Trial News

As part of an overhaul of the 510(k) medical device clearance process announced in November 2018, the FDA has released guidance for expanding its Abbreviated 510(k) Program, which clears medical devices for premarket approval that are “substantially equivalent” to existing devices, to include a new Safety and Performance Based Pathway for approval. The agency intends to change how device manufacturers can demonstrate that a new device is as safe and effective as the substantially equivalent device (known as the predicate device) through methods other than direct comparison testing.

Section 513 of the Federal Food, Drug, and Cosmetic Act provides an accelerated premarket approval process for medical devices that are substantially equivalent to one that is already approved, if the device “does not raise different questions of safety and effectiveness than the predicate device.” To modernize 510(k) clearance, the FDA issued a Medical Device Safety Action Plan last April that first identified the need to update the 510(k) program, which clears low and moderate risk devices that demonstrate a substantial equivalence to a predicate device. Eighty-two percent of devices cleared by the FDA in 2017 went through the 510(k) process.

The agency explained that it wants to ensure “that new devices are evaluated against advances in technology that can improve patient safety and performance” by removing older predicate devices and require that certain new devices “account for advances in technology or demonstrate that they meet more modern safety and performance criteria.”

Manufacturers use comparison testing of the newer device against the predicate to show that it is as safe and effective as the predicate. However, older predicate devices may not reflect advances in technology used in new devices, especially when internet-connected features are included in a new device. The agency is looking for ways to compare devices entering the market through 510(k) to newer devices and criteria.

Final agency guidance released on Feb. 1, 2019, addresses a new clearance pathway called the Safety and Performance Based Pathway. The pathway will be available under the Abbreviated 510(k) process, which can be used for a device when a guidance document exists, a special control has been established, or the FDA has recognized a relevant consensus standard. Traditional (any device) and Special (modifications to approved devices) processes also exist but will not include the new pathway.

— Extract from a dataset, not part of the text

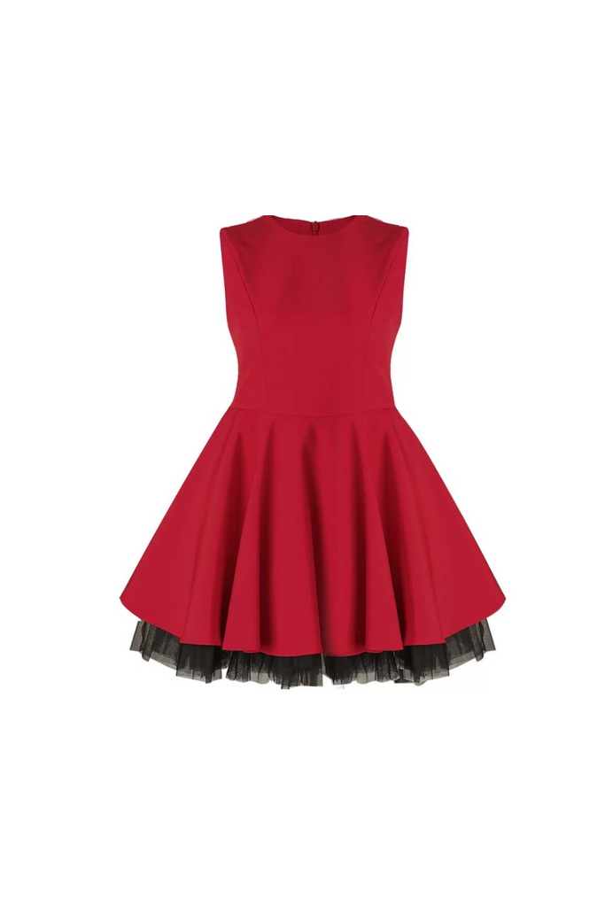 Carol ärmelloses Tutu-Kleid mit Netzstich in Rot

Under the current process, manufacturers demonstrate safety and effectiveness through direct comparison testing with the predicate device. The guidance seeks to expand this to allow testing that shows that the new device meets the performance level of the existing device or established performance criteria. These criteria could be defined in FDA guidance or other consensus-based standards, or the agency will develop specific performance criteria based on one or more existing devices of the same type.

The guidance explains that the use of performance criteria would be appropriate only if the new device does not raise different safety and effectiveness issues from the predicate device, the criteria are in line with one or more legally marketed devices of the same type, and the new device meets all performance criteria.

The agency will provide more information on which types of devices would be appropriate to submit through this pathway, along with the performance criteria for each device type through guidance documents. It will still require manufacturers to identify an existing predicate device for the substantial equivalence analysis, and the current method of direct comparison will remain available.

When following an FDA-recognized standard, manufacturers will need to submit a declaration of conformity. When following performance criteria established by the agency, manufacturers must submit a summary of the testing data as well. If performance criteria do not rely on existing FDA standards, that data also must include the testing methodology and protocol that was used.